**Work request:** Given the material below, output exactly the lines from the line with "Бензопила цепная GFAYT" to the line with "(画像:「Findy AI+」β版の「PRクオリティ分析レポート」機能) |", both ends included, and no other lines.

**Source data:**
[Start of Attachment]

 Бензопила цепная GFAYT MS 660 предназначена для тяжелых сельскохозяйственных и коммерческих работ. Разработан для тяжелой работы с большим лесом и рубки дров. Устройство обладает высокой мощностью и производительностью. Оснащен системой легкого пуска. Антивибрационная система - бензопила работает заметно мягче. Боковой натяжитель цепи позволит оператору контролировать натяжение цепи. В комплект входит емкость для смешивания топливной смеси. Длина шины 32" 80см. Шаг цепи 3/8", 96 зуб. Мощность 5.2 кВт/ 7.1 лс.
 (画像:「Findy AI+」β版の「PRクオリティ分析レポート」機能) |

[End of Attachment]
[Start of Attachment]

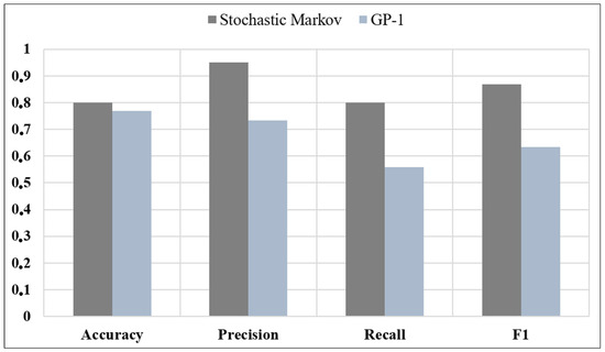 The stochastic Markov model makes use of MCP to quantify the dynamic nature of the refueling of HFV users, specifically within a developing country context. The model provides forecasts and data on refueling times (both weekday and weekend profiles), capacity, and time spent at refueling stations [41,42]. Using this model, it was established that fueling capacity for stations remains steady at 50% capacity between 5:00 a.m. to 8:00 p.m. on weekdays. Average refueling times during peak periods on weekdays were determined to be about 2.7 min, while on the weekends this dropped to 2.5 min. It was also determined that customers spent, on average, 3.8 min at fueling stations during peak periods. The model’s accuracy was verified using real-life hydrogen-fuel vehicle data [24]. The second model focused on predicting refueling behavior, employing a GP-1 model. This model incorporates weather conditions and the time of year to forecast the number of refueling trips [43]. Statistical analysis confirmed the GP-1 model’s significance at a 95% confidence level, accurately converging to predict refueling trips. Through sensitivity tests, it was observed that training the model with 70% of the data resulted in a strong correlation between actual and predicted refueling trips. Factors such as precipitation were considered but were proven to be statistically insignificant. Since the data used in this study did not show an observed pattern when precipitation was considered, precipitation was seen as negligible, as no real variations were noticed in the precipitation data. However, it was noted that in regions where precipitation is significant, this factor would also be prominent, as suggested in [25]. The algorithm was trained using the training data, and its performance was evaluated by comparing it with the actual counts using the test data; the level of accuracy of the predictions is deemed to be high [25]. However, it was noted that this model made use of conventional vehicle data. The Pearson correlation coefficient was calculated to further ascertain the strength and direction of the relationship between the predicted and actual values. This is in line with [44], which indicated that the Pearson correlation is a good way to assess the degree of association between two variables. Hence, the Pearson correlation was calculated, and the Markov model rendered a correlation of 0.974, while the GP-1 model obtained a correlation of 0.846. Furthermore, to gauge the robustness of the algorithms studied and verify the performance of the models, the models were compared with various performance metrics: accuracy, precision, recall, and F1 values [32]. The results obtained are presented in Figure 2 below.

[End of Attachment]

**Response for this exercise:**
 Бензопила цепная GFAYT MS 660 предназначена для тяжелых сельскохозяйственных и коммерческих работ. Разработан для тяжелой работы с большим лесом и рубки дров. Устройство обладает высокой мощностью и производительностью. Оснащен системой легкого пуска. Антивибрационная система - бензопила работает заметно мягче. Боковой натяжитель цепи позволит оператору контролировать натяжение цепи. В комплект входит емкость для смешивания топливной смеси. Длина шины 32" 80см. Шаг цепи 3/8", 96 зуб. Мощность 5.2 кВт/ 7.1 лс.
 (画像:「Findy AI+」β版の「PRクオリティ分析レポート」機能) |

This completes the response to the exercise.